3. Information about the agency and their services
A reputable firm will give you free information about itself (for example, where they get funding and if they have partnerships with credit companies)and its services. At this point, the non profit credit counseling agency should not require you to give any details about your financial situation. If they ask for personal financial details this early, you should consider it a stop sign and start looking for other agencies that do not require an up front background screening.

Aside from counseling, the agent may also offer a debt management plan or debt settlement service for your consideration.

What questions should I ask the counselor?

Before letting them in on your personal financial situation, here are some questions you should be asking to find a non profit credit counseling service that’s right for you:

1. What services do you offer?
Find an organization that offers budget counseling and financial education. Avoid agents who sell you the idea of a debt management plan as your only option, before doing a thorough review of your financial situation. Remember, some non profit counseling organizations and smart pill supplements programs operate with funding from companies that offer relief plans, so this particular type of advice may not be entirely objective. Make sure they work with real world credit score numbers and not estimates or non-FICO based scores.

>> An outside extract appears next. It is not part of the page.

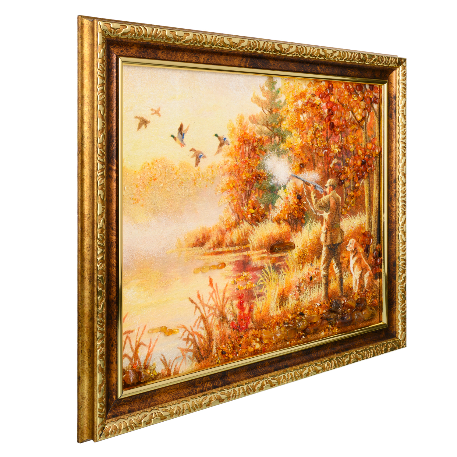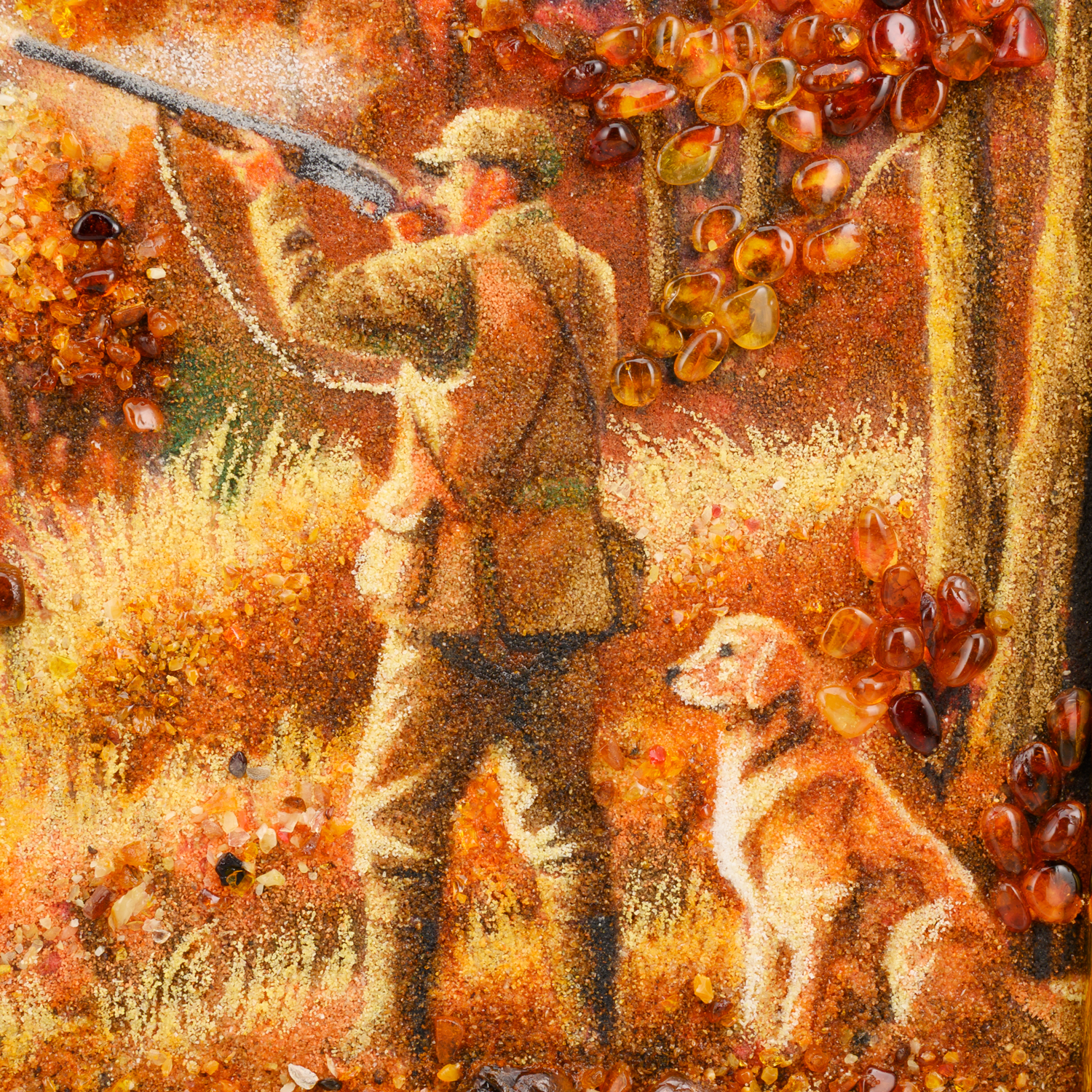 Картина янтарная "Охотник".Размер холста: 30х40 см

2. Do you give information for free?
Educational materials should be free; try to avoid counseling agencies that charge for them. Also, avoid them if they won’t get your best portable option for free to as part of their program.

3. Aside from getting me out of this debt situation at hand, will you help me make a plan so I won’t get stuck again?
Non profit credit counseling is not about giving fish, it should be about teaching how to fish and how to successfully swim in rough financial waters and keep their finances safe and sound.

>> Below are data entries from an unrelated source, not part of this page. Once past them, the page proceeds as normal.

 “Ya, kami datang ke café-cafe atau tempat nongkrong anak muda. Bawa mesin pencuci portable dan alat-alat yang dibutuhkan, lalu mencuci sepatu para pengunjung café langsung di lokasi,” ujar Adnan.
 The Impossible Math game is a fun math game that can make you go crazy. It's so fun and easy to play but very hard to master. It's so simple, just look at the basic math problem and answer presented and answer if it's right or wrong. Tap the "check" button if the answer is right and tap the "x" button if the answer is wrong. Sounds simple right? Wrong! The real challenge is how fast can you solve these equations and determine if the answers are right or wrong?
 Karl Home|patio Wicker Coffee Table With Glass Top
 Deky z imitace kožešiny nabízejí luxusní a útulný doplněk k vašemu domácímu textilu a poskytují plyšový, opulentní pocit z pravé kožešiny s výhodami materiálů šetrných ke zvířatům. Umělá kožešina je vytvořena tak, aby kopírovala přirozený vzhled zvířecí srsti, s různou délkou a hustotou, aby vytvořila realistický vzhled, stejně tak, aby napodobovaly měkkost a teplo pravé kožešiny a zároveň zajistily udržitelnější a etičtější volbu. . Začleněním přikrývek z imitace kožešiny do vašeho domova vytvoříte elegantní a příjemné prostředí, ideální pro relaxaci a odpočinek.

4. How much do you charge?
Get a price quote printed out for you. Ask if there is any set-up or recurring fees for their service.

5. What if I can’t afford to pay?

If an agency refuses to help you because you can’t pay, consider looking for other organizations.

6. Do I sign a formal agreement or contract?
Make sure any promise made by the agent is in writing. Also, carefully read the fine print if you are asked to sign anything.

7. Are your counselors certified?

Ask if their counselors are accredited by outside organizations, and ask what organizations these are. Inquire about the training of their counselors.

8. How do you pay your employees? Do they get a bonus if they get me signed?
If an organization gives bonuses to its employees for signing up or collecting a contribution/fee from prospective clients, consider it a red flag and look for counseling elsewhere.

9. Will the personal information I provide be protected?
Ask what measures are implemented by the non profit credit counseling agency to keep your personal records (address, telephone number, financial information, their website) confidential and secure.